### Data provided

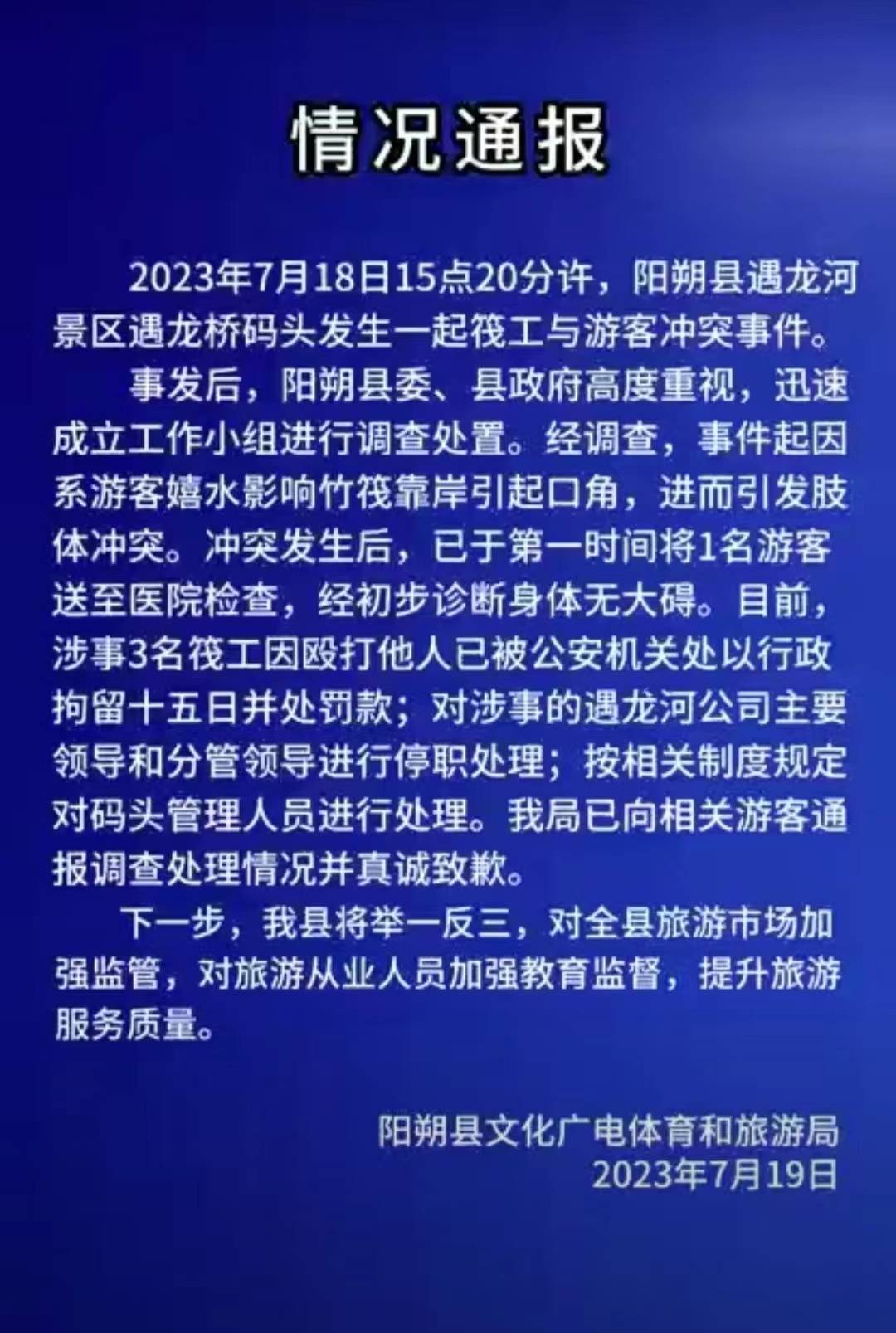 目前,涉事3名筏工因殴打他人已被公安机关处以行政拘留十五日并处罚款;对涉事的遇龙河公司主要领导和分管领导进行停职处理;按相关制度规定对码头管理人员进行处理。我局已向相关游客通报调查处理情况,并真诚致歉。
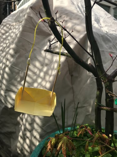 Multimedia installation: string, wooden skewers, rubber glove, fruit plastic netting, acrylic paint, rubber bands, cardboard, celery sticks and red pepper tops, clay, orange and blue plastic bag. Accompanied by soundscape plus visuals displayed on a phone.
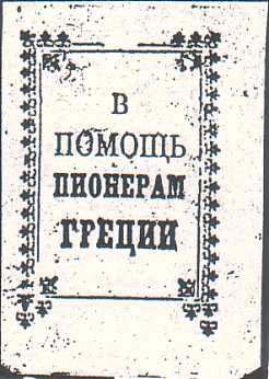 1930(?) г. Разм. 35 x 50 мм. Одноцветная печать на желтоватой бумаге. В прямоугольной декоративной рамке разм. 22 x 33 мм в центре текст в четыре строки: «В помощь пионерам Греции».
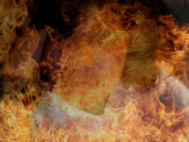 Taking a step back and looking at the artwork as if I did not make it, I can see that the image is some kind of reflective self-portrait. Seeing as how the two images are looking at each other, I can say that they perceive each other in an almost mirror like way. I can tell that they are the same person because of the basic contour outline and because of the movements they making. They are not the same exact movements, so you know that it is not a mirror effect. I believe that the artist perceives herself as different, but still the same. The flames add an interesting effect because the two images of the artist are not responding to the flames, and therefore provide a serine effect. The audio, I assume, is the voice of artist. Her monologue sounds like she read from a scripture of some kind. It gives a philosophical vibe that is a little difficult to comprehend unless you listen to it carefully. Also, the audio playing while the flames are visible makes me think that the audio is imperative to the flames.
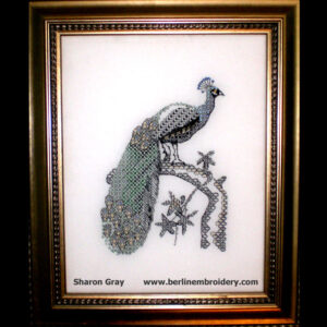 The instructions are written with the beginner in mind and the kit comes with all the supplies required to stitch the peacock and a choice of counted ground fabric.
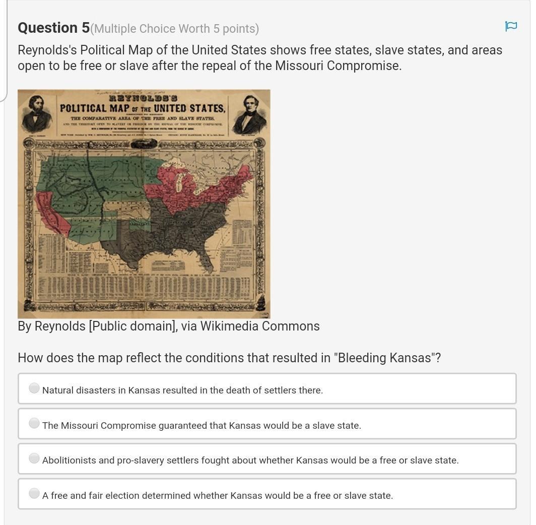 • How does the map reflect the conditions that resulted in "Bleeding Kansas"?brainly.com/question/13109226

######

▶ [Exercise aim]:
I need the lines from the one holding "1930(?) г. Разм." through the last line of the entries set down exactly, with every picture left out.

▶ [Exercise answer]:
 1930(?) г. Разм. 35 x 50 мм. Одноцветная печать на желтоватой бумаге. В прямоугольной декоративной рамке разм. 22 x 33 мм в центре текст в четыре строки: «В помощь пионерам Греции».
 Taking a step back and looking at the artwork as if I did not make it, I can see that the image is some kind of reflective self-portrait. Seeing as how the two images are looking at each other, I can say that they perceive each other in an almost mirror like way. I can tell that they are the same person because of the basic contour outline and because of the movements they making. They are not the same exact movements, so you know that it is not a mirror effect. I believe that the artist perceives herself as different, but still the same. The flames add an interesting effect because the two images of the artist are not responding to the flames, and therefore provide a serine effect. The audio, I assume, is the voice of artist. Her monologue sounds like she read from a scripture of some kind. It gives a philosophical vibe that is a little difficult to comprehend unless you listen to it carefully. Also, the audio playing while the flames are visible makes me think that the audio is imperative to the flames.
 The instructions are written with the beginner in mind and the kit comes with all the supplies required to stitch the peacock and a choice of counted ground fabric.
 • How does the map reflect the conditions that resulted in "Bleeding Kansas"?brainly.com/question/13109226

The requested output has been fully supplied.